Released last July to critical acclaim, Midsommar is a horror movie about a group of graduate students — Dani (Florence Pugh), Christian (Jack Reynor), and his friends — who take a trip to Sweden to mostly observe and eventually participate in a midsummer celebration at a commune called the Harga in the middle of absolutely nowhere. The commune is located on a sprawling grass field between a vast forest. It stays light nearly every hour of the day. The forest sheltering the commune from the outside world feels alive. The trees move and the flowers pulsate like beating hearts. There’s something seriously off with the Harga. Two elders commit suicide by jumping off a cliff while the rest of the commune looks on in admiration in a ceremony known as attestupa. There’s a lone caged bear and a mysterious tent that nobody is allowed into. Something sinister is brewing beneath the surface and seeping through the cracks — what exactly is unknown for so much of the film until it eventually erupts into flames. Psychedelics are consumed on multiple occasions — sometimes willingly, other times reluctantly. The entire movie is a trip, from the story itself to the unsettling score composed by Bobby Krlic to the way it’s filmed. It reminded me in many ways of Annihilation, another movie that tackles subjects like grief, depression, and healing through a trippy journey to a place that doesn’t feel at all akin to our world even though it takes place right next door. By the time Natalie Portman’s character reappears out of The Shimmer in Annihilation, she’s undergone a transformation. Likewise, Dani’s experience in Sweden changes the very fabric of her existence. By the end, she’s not really Dani anymore — at least not the version presented to us two hours earlier and sustained for almost all of its runtime.

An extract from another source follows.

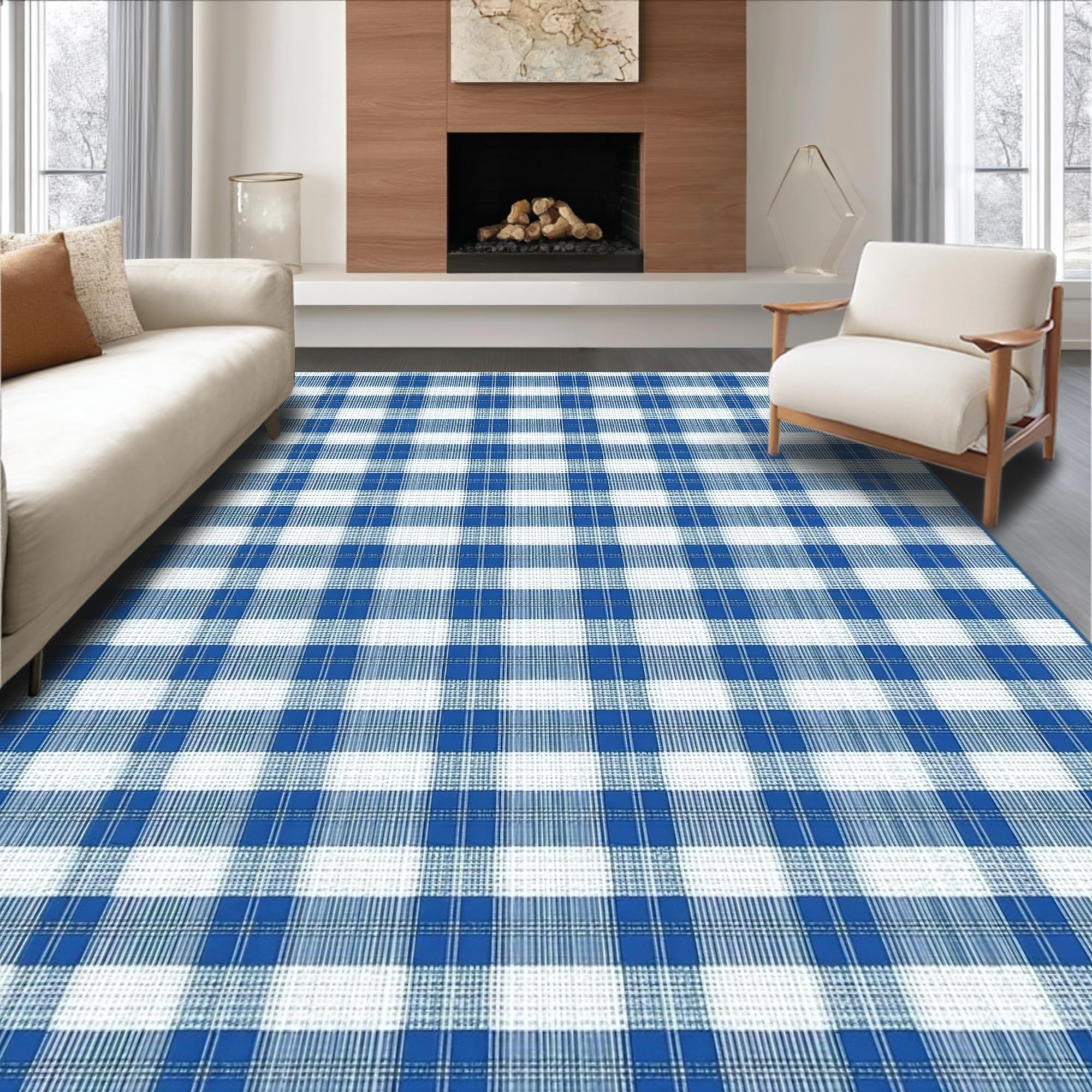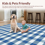 Ultra Soft Area Rug, Non Slip, Stain Resistant, Washable Area Rugs for Living Room, Bedroom, Elegant Farmhouse Geometric Motif(Blue) Overview:

The use of psychedelics feels like an emblem to anxiety, much like The Shimmer in Annihlation served as a metaphor for depression. Throughout the film, Dani suffers from anxiety attacks whenever something or someone triggers a memory of her family’s death — it happens once while she’s tripping. When she wakes up in the middle of a field, she has no idea how long she slept. She loses track of time. Likewise, in Annihilation, Portman’s character wakes up without remembering falling asleep; she’s shocked to learn how long she’s actually been inside The Shimmer. It feels like she’s only just gotten there.
As Vulture’s Angelica Jade Bastién wrote at the time:
This decision by (Annihilation director Alex Garland) can first read as an easy narrative device to bypass fleshing out the particulars of the early part of their trip. But their loss of time read to me as a familiar experience of a depressive episode, where time moves in unnatural ways. Where you wake up sometime in the afternoon, the days an uneasy blur, but very aware of the taste of regret on your tongue.
[…]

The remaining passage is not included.